We read with great interest the article published recently by Yagüe et al.1 about the importance of electromyographic study in the diagnosis of orthostatic tremor. Our intention is not to assess the pathophysiological-diagnostic aspect of the article, brilliantly exposed by the authors who provide electromyographic concepts that demonstrate the growing and undeniable importance of electrophysiological analysis in the study of movement disorders. As the authors note, orthostatic tremor is an idiopathic motor disorder, although its possible association with pons lesions2 or cerebellar degeneration3,4 has been reported. Both of these constitute symptomatic forms of orthostatic tremor. It has been speculated that these anatomical structures (brainstem and cerebellum) could be directly involved in the pathogenesis and modulation of orthostatic tremor,5,6 in a manner similar to what might happen in essential tremor.7–9 We have noted that, in the case presented by Yagüe et al.,1 the patient presented a deficiency of vitamin B12 in her medical history, and this has motivated us to write this letter to highlight the possible association existing between orthostatic tremor and vitamin B12 deficiency. Eleven years ago, our group published the case of a patient with orthostatic tremor who also suffered vitamin B12 deficiency.10 While we recognise that this association is difficult to justify from the standpoint of biological plausibility, the fact that, following the reinstatement of the deficient vitamin, the tremor disappeared does strengthen this causal association. Since then, other cases have been published in which vitamin B12 deficiency has been associated with tremor.11,12 Furthermore, several neuroimaging studies have revealed abnormalities in the cerebellum and pons of patients with vitamin B12 deficiency.13,14 We believe these studies lend plausibility to the hypothesis of there being a causal inference between vitamin B12 deficiency and orthostatic tremor.

References
[1]
S. Yagüe, M. Veciana, J. Pedro, J. Campdelacreu.
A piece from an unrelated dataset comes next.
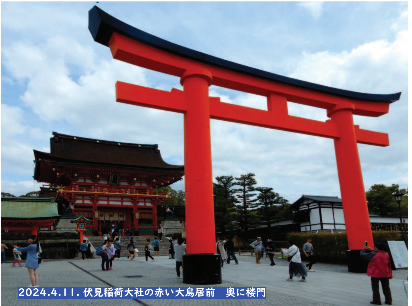
2024.4.11. 伏見稲荷大社の赤い大鳥居前 奥に楼門

Importancia del estudio electromiográfico en el diagnóstico del temblor ortostático.
Neurología, 26 (2011), pp. 53-54
[2]
J. Benito-León, J. Rodríguez, M. Ortí-Pareja, L. Ayuso-Peralta, F.J. Jiménez-Jiménez, J.A. Molina.
Symptomatic orthostatic tremor in pontine lesions.
Neurology, 49 (1997), pp. 1439-1441
[3]
J. Benito-León, J. Rodríguez.
Orthostatic tremor with cerebellar ataxia.
J Neurol, 245 (1998), pp. 815
[4]
M.U. Manto, F. Setta, B. Legros, J. Jaquy, E. Godeaux.
Resetting of orthostatic tremor associated with cerebellar cortical atrophy by transcranial magnetic stimulation.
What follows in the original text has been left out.